Writer: John Kane
Date:Thursday November 18 2010
A review by Zonal Marking of the Manchester derby didn't do much to heighten the enjoyment of a truly awful football match, however, it did inspire this article about Blackpool's midfield. The review touched on the idea of the ideal combination of a midfield three, both examples on that night were far from ideal and were cited as being factors behind the drab stalemate. The ideal combinations offered by the article included the breakdown that a team playing three in midfield should have a ball winner, a passer and an attacking creator. Instantly the Championship midfield trio of Southern, Adam and Vaughan sprung to mind, that had everything last season; balance, grit, energy, precision, vision and creativity to name a few characteristics. This season two of that trio are still playing exceptionally, but due to injury the ball winner was unavailable and Elliot Grandin came in to become a part of the midfield. Grandin has many qualities and has excited the Blackpool fans with his performances so far.
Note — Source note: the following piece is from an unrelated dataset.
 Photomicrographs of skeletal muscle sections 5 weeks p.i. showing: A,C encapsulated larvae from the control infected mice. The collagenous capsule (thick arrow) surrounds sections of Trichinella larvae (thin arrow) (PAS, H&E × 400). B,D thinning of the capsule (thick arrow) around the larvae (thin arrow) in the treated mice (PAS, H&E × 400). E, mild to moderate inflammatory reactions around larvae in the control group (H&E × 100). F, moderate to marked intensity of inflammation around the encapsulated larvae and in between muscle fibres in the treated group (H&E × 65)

He of the three though is the one that Holloway tends to sacrifice when he feels changes are needed. Does this mean that Grandin isn't offering the midfield balance that Holloway is looking for or is his role something else entirely.
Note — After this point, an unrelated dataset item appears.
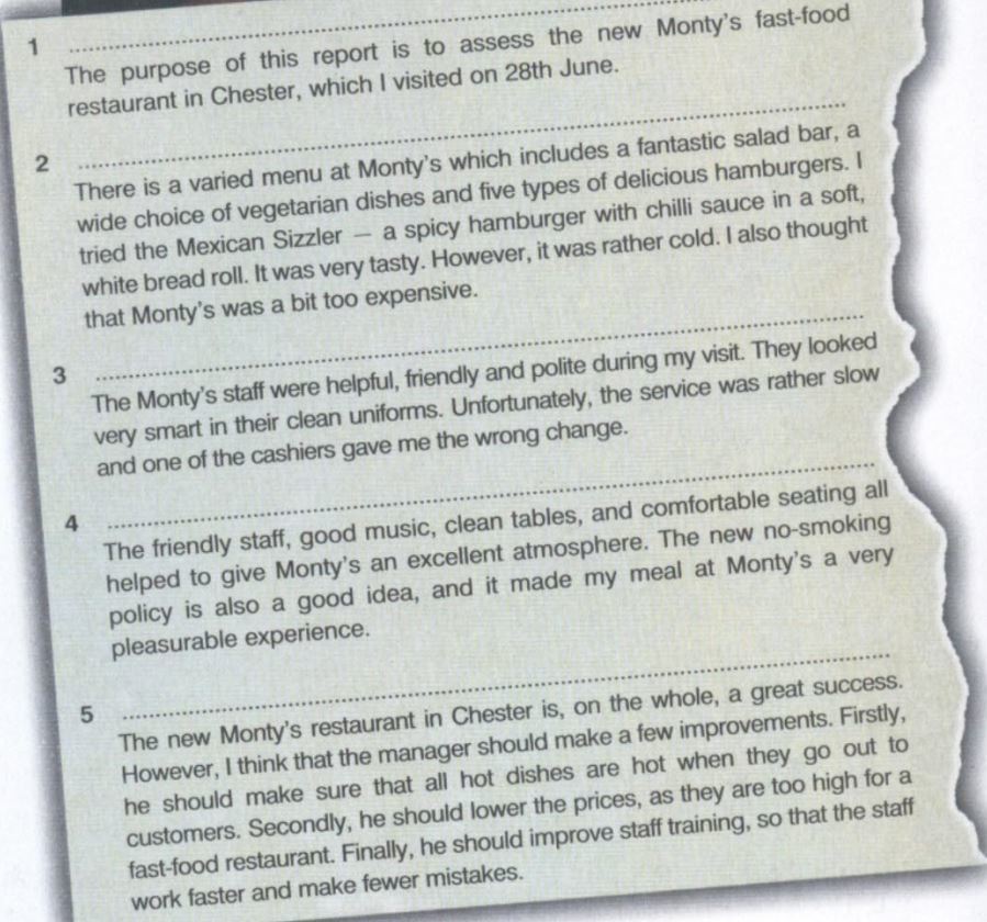 I visited Monty's fast-food restaurant in June.I liked a wide choice of delicious dishes,the friendliness and politeness of the staff,clean tables and good music.The restaurant is a great success.But I think the prices should be lower and hot dishes should be really hot.The manager should improve the staff training,too.

Ian Holloway appears to have set roles for each player to perform within his system and this allows him to make changes such as the 10 he made against Villa, without changing the shape or style of the team. Each of the three must have a set role, and as Holloway has openly cited Spain as an influence on how he wants his team to play then maybe he's looking for Blackpool to have their own Busquets, Xavi and Iniesta or as defined above a ball winner, a passer and an attacking creator. If this is the case how does Blackpool's midfield measure up against that ideal combination.
Last Saturday the midfield trio lined up against West Ham, in the tackle David Vaughan won all of five of his challenges, Charlie Adam won two and Grandin none. Given that Vaughan tends to sit deeper than the other two and won the most tackles then on the day he was the ball winner.
Looking at the number and accuracy of passes should give an idea of who the passer in the team is. Grandin was only on the pitch till the 59th minute so the passes were only counted till then. Vaughan completed thirty out of thirty four passes, Adam twenty five from thirty one and Grandin sixteen from twenty. Vaughan comes out on top here as the passer and looking back on previous games, he tends to rack up the most passes out of the trio in the games that have been played this season. You can see the differences in Vaughan and Grandin's pasing below. Vaughan's passes covering box to box and generally much deeper than Grandin.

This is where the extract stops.